Damage identification using singular value feature of continuous wavelet coefficients
Z. C. Ding^{1} , M. S. Cao^{2} , S. S. Wang^{3}
^{1, 2, 3}Department of Engineering Mechanics, Hohai University, Nanjing 210098, People’s Republic of China
^{2}Corresponding author
Vibroengineering PROCEDIA, Vol. 5, 2015, p. 339-344.
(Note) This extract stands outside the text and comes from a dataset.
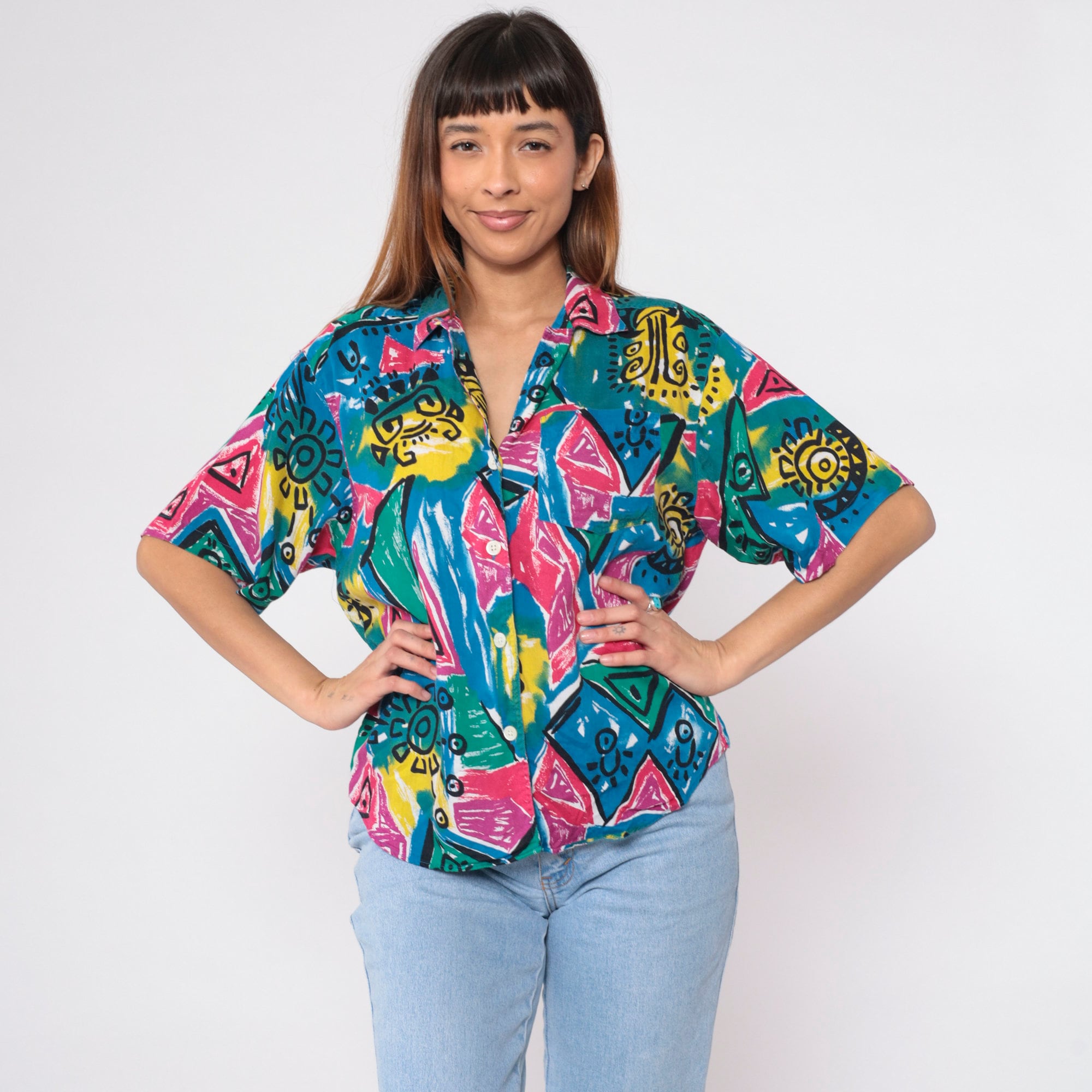 Vintage 90s shirt in black with an abstract Geometric print. Buttons up the front with short sleeves.

Accepted 16 September 2015; published 18 September 2015
JVE Conferences
A hybrid soft computing approach is developed with the aim of identifying multiple damage in beam-type structures. This approach is formulated based on integration of two renowned soft computing methods: a wavelet transform and a singular value decomposition. The integration features the creation of a sophisticated damage indicator: mode shape’ continuous wavelet transform-singular value decomposition component (MWSC).The MWSC has inherent capabilities of immunity to noise and sensitivity to multiple damage of beam-like structures. The effectiveness of the MWSC is numerically verified by identifying multiple cracks in cantilever beams, with particular emphasis on its ability of locating multiple damages in noisy environments.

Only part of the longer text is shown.